My husband gave me that look that he gives me when when I repeat a made-up story as if it were true.

“Oh,” I said. “That’s an urban legend, isn’t it?”

My husband confirmed that this was indeed an urban legend.

I complained above that I “stuck with” playing the clarinet for years so that I could go to Disney, and instead I went to Hershey Park. However, I’m grateful that my parents pressured me to stick with the clarinet. During the last two or three years of high school, I listed my band participation on applications for non-band-related opportunities. I “won” some of these opportunities. I have no idea if my time in the band made me a strong applicant for these. I bet that it didn’t hurt me. (See here about the award that I “helped” our band to win.)

I was a mediocre musician. The girls from my elementary school who started to play the clarinet at the same time that I did were all better at it than I was. (They practiced more than I did!) We had to compete each year for “rows” and “chairs” in concert band, just like a real orchestra. I was last row – last chair. The other girls from my grade quit the clarinet at the end of junior high so that they could be cheerleaders and majorettes. I stayed. I learned about the existence of halftime shows.

So, I have another confession. For the past month or so, when my husband leaves the house, I sometimes put together my old clarinet and I play it.

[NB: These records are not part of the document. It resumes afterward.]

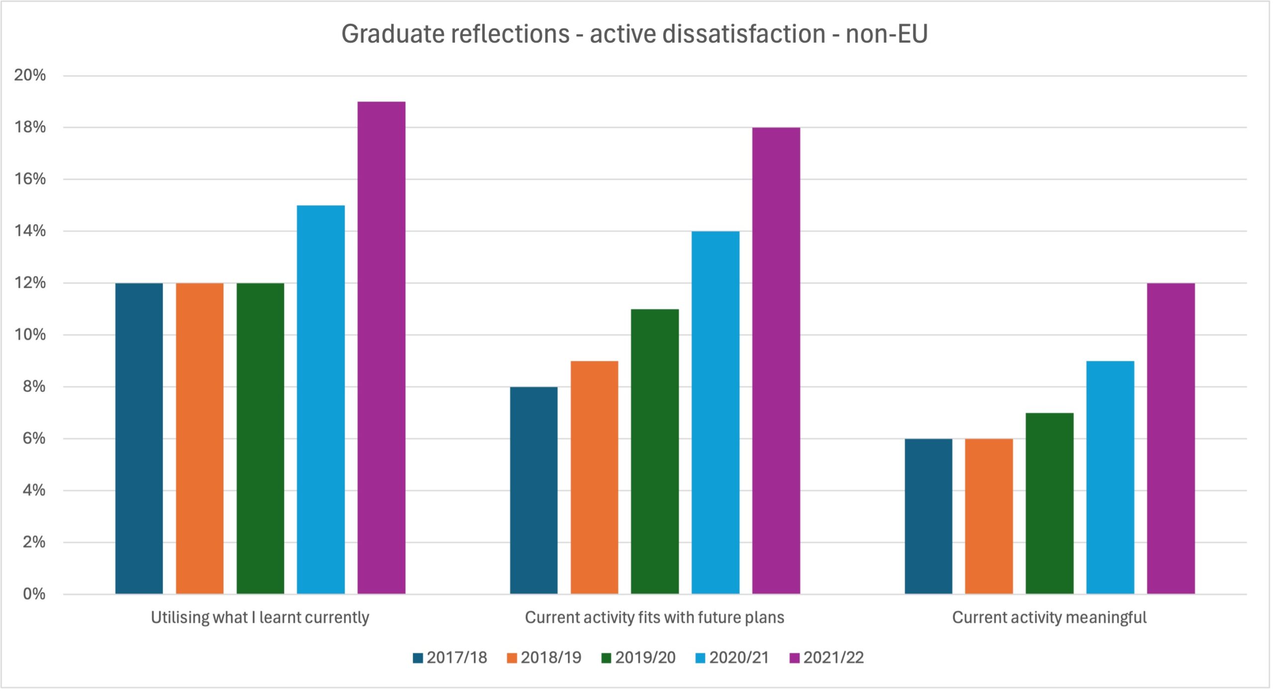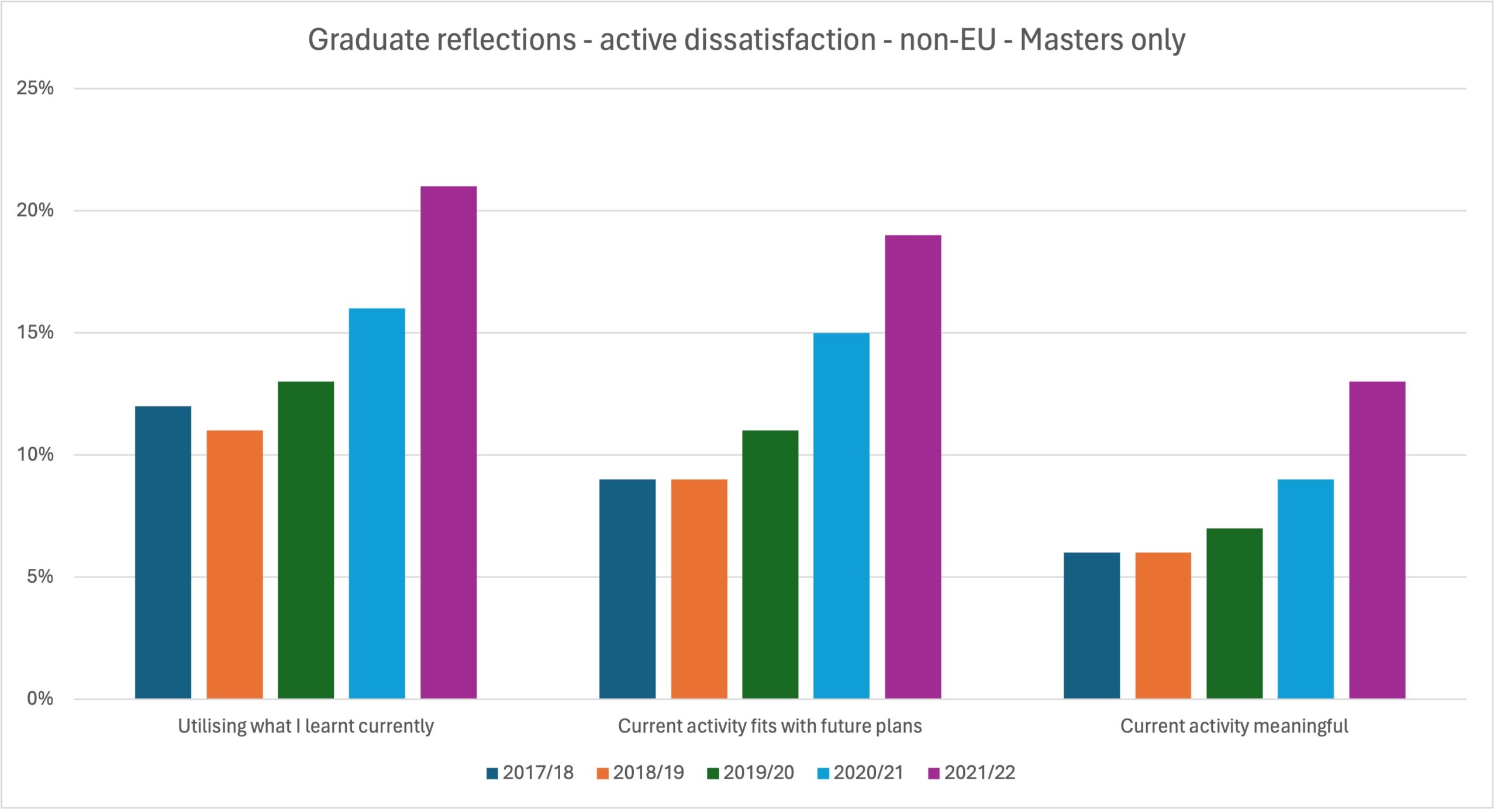If we look at this year’s Graduate Outcomes results and active dissatisfaction with the three “reflections” questions, there’s been a gentle rise since the survey’s introduction:
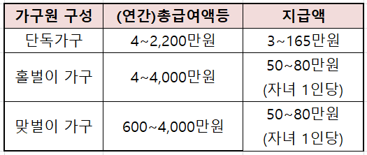 자녀양육을 지원하기 위해 부부 합산 총소득 4,000만 원 미만이면서 부양자녀(18세 미만)가 있는 경우 1명당 최대 80만 원을 지급하는 제도
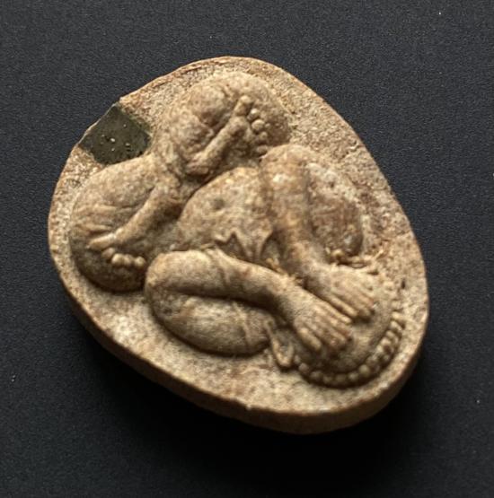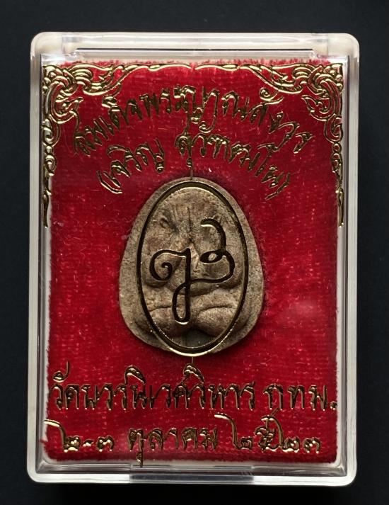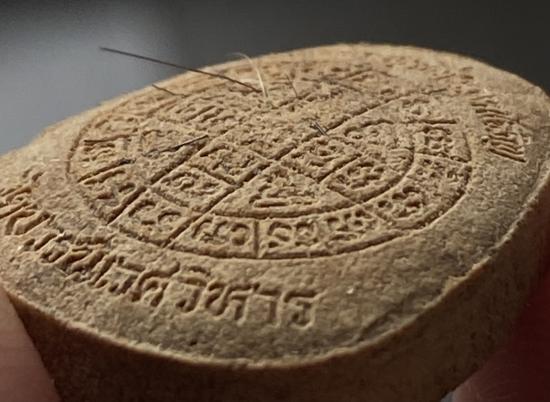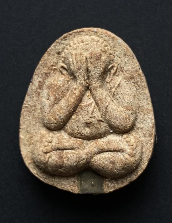 พระปิดตายันต์ดวงเล็ก ปี2523 สมเด็จพระญาณสังวร (เจริญ) วัดบวรนิเวศ_(เนื้อผงเกสร มีเส้นเกศาเยอะ)_มีกล่อง_

I don’t actually play songs, unless you count “When the Saints Go Marching In.” (That’s one of the first songs in one of the first lessons in the instruction book that I had in the fourth grade.) No. I pretty much just warm up, and then try to hit a bunch of high notes that I struggled to play in high school. I stop when I get tired or when my husband gets home. (I don’t want to torture Jonathan.)

On that Saturday back in January when I first picked up the clarinet, I had to take a two hour nap after trying to hit high notes. I had forgotten how to breath!

It’s actually pretty freeing to play a musical instrument for which I never excelled. I can sound like crap and not let anybody down. Present Jenny doesn’t disappoint Past Jenny.

Back in the pre-Covid days, I worked in downtown Pittsburgh. (I guess that I still do. The City still taxes me for Emergency Services as if I still do.) I worked directly across the river from PNC Park. On the days of Pirates home games, this one busker always stood on the Roberto Clemente bridge and played the theme song from “The Flintstones” on his saxophone, over and over. I listened and missed my clarinet.

Now, I miss the saxophone guy.

I could busk when this Covid mess is all over. I carried my clarinet to school for a decade, and I marched with it for four years. I can take it downtown on a PAT bus. I know how to play “The Flinstones.” I know how to play “When the Saints Go Marching In.” I am learning how to hit the high notes in “Sweet Child O’ Mine” that I couldn’t hit very well in high school. I would give any money that landed in my case to the saxophone guy. I just think that it would be funny if I went from playing “last row – last chair” in a school band to busking downtown.

I wonder how many ex-marching band kids miss it the way that I do now?